We can build a similar table of metadata, but this time as a function:

# a generic(?) function to generate metadata for a Stata file read by haven::read_dta()
# x is a data frame from haven::read_dta
f_haven_stata_metadata <- function(x){
    # variable names
    varname <- colnames(x)
    # labels
    varlabel <- x %>% 
        lapply(., function(x) attributes(x)$label) %>% 
        unlist()
    # format
    varformat <- x %>% 
        lapply(., function(x) attributes(x)$format.stata) %>%
        unlist()
    # values
    varvalues <- x %>% 
        lapply(., function(x) attributes(x)$labels) %>% 
        # names the variable label vector
        lapply(., function(x) names(x)) %>% 
        # as character
        as.character() %>% 
        # remove the c() construction
        str_remove_all("^c\\(|\\)$")  
    
    bind_cols(varname = varname, 
              varlabel = varlabel, 
              varformat = varformat,
              varvalues = varvalues)
}

# generate the metadata
data_21600_0001_metadata <- f_haven_stata_metadata(data_21600_0001)
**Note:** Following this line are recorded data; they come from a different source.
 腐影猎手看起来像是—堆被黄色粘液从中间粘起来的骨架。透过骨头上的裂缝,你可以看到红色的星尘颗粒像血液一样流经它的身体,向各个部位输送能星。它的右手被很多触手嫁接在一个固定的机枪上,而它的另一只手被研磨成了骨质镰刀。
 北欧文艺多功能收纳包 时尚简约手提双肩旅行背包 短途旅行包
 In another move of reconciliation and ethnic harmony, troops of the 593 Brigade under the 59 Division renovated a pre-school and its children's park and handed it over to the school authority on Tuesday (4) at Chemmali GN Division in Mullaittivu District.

# print the metadata table as a DT::datatable
DT::datatable(data_21600_0001_metadata)

6.0.2.2 Searching through documentation

Good data sets have good documentation. Sometimes the documentation is voluminous, as is the case for the Add Health data. With voluminous metadata, are there good approaches to finding what you are interested in without opening each PDF file, reading the table of contents, searching for string matches, etc.?

This section will cover two tools to make searching through PDF files less onerous and more efficient. The two utilities are pdfgrep and pdftools::pdf_text()

6.0.2.2.1 pdfgrep

grep is a string-matching utility developed mainly for UNIX, now available for all common operating systems. It is also implemented in base R with the function grep(). The name comes from the ed text editor command g/re/p (\(\underline{g}\)lobally search for a \(\underline{r}\)egular \(\underline{e}\)xpression and \(\underline{p}\)rint matching lines), typically used to print the line number of a text file containing the search pattern.
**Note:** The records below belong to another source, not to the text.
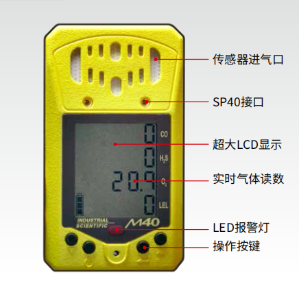 传感器规格气体测量范围分辨率H2S0-200 ppm1 ppmCO0-1000 ppm1 ppmO20-30.0%0.1%可燃气体0-100% LEL0-5.0% v/v1%0.1%用户可调节所有传感器的报警设定点。仪器启动过程中,设定点将自动显示。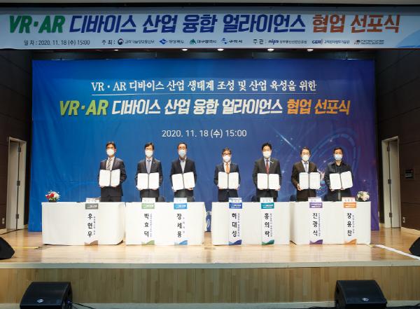 이번 협업 선포식은 지난 4월 과학기술정보통신부 공모사업으로 선정된 「VR·AR 디바이스 개발지원센터 운영」사업을 시작으로, 전기전자·모바일 제조기반을 보유한 경북 구미와 국내 최대 안경산업 기반을 갖춘 대구가 공동 협력을 통하여 VR·AR 디바이스 산업을 선도적으로 이끌어가기 위한 자리로 마련되었다.
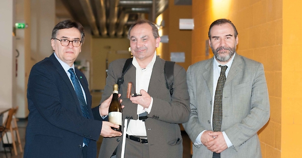 Come esempio di autentica fruizione, è stata presentata una bottiglia di vino con etichetta in braille e QR code in grado di fornire indicazioni e informazioni sulla cantina e sul luogo di provenienza del prodotto che Adriano Capitolo ha voluto donare (nella foto), a fine convegno, a Roberto Cerrato presidente dell’Associazione per il Patrimonio dei Paesaggi Vitivinicoli.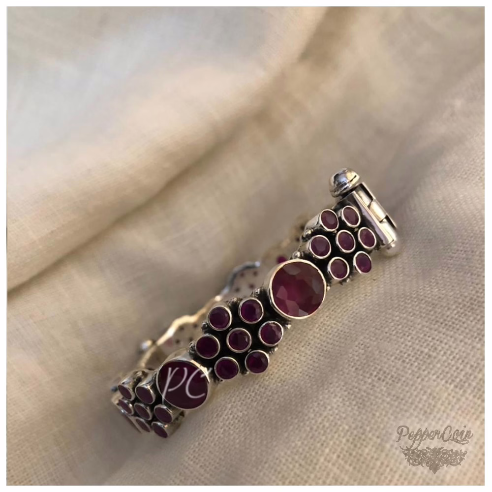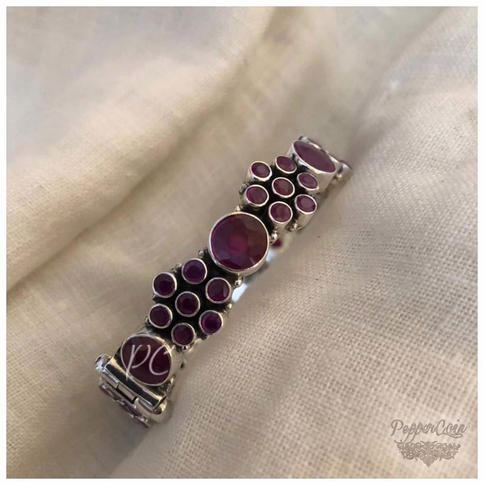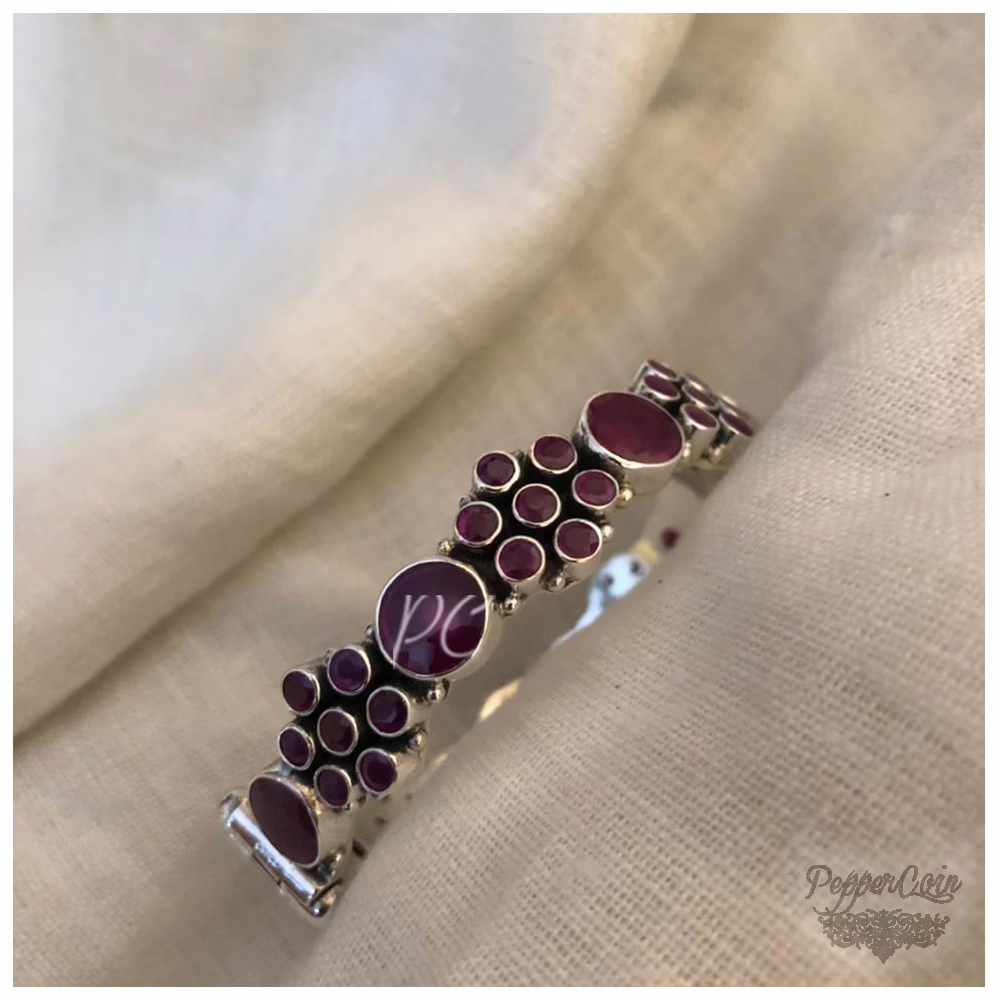 Ruby flower pattern silver bangle.

If you are not familiar with regular expressions and you plan on doing computational social sciences, the sooner you learn, the better. See the R help topic for base::regex().
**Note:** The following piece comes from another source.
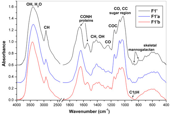 FTIR spectra of the polysaccharidic fractions F1′, F1′a and F1′b.
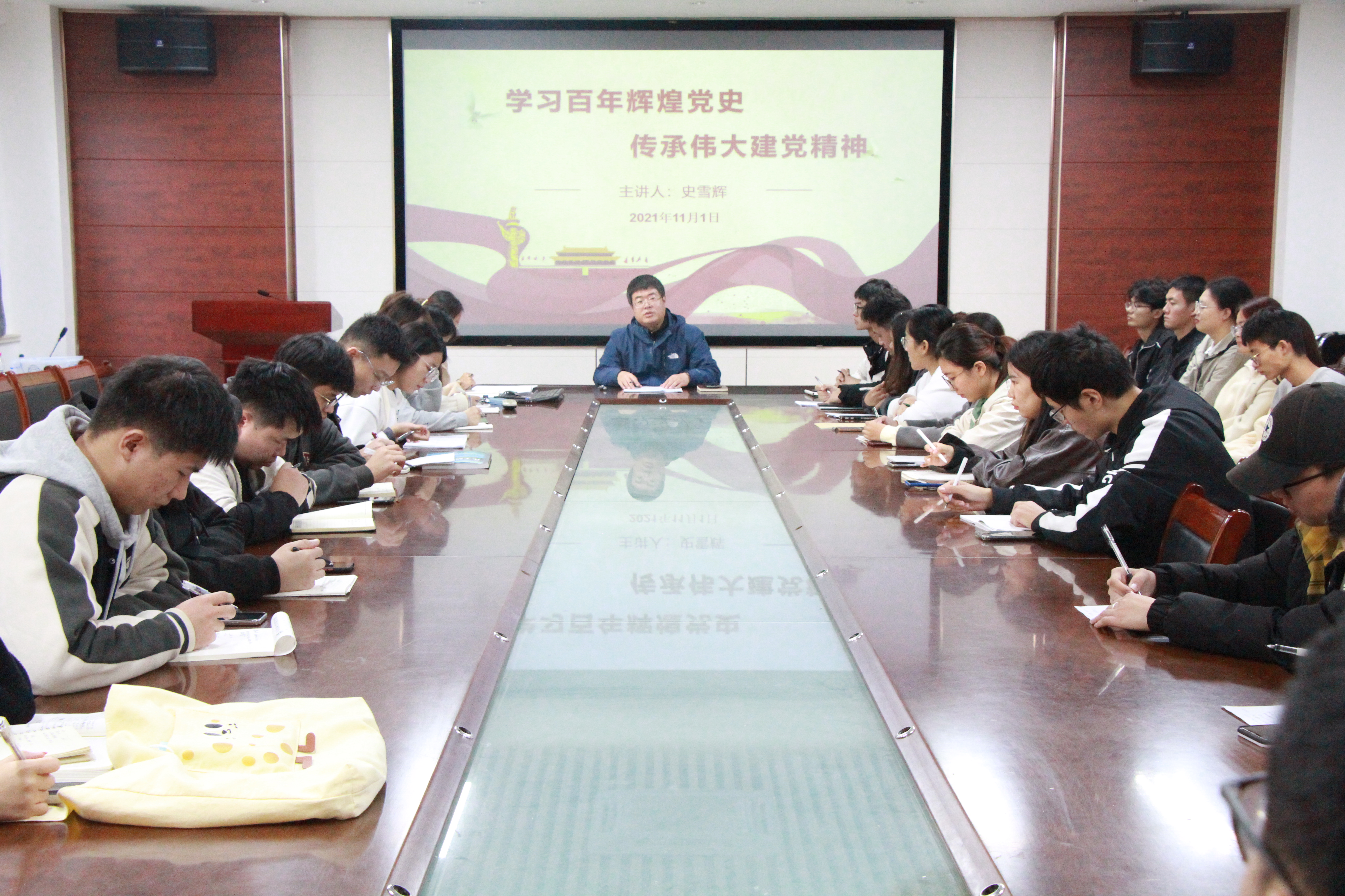 11月1日,太阳成集团tyc122ccvip于化学楼会议室面向2021年下半年党校培训学员开展以“学习百年辉煌党史,传承伟大建党精神”为主题的党课,学院党委副书记史雪辉主讲,辅导员辛鑫出席。

We won’t be covering grep in general here or regular expressions in detail, but will introduce some of the regular expression logic in pdfgrep.

Start by installing a version of pdfgrep. These are three implementations, one for Mac and two for Windows. The demo today will use the Cygwin version. The native Windows version is not as powerful/customizable as the Cygwin version and will also likely be more comparable with the Mac version. Note: pdfgrep will only work on PDF files that contain text. PDFs that are composed solely from scanned images contain no text and are therefore not searchable using regular expressions.

pdfgrep for native Windows

pdfgrep for Cygwin under Windows; Cygwin is highly recommended for Windows users–it creates a UNIX-like environment that offers many data processing tools.

pdfgrep for Mac

If you are on Terminal Server 4 or 5 let’s try using Cygwin. Download cygwin64.zip and unzip it at the root level of your H: drive. You should see something like this:

Double-click the shortcut to mintty.exe to open a Cygwin terminal. If you see a security warning, click Run.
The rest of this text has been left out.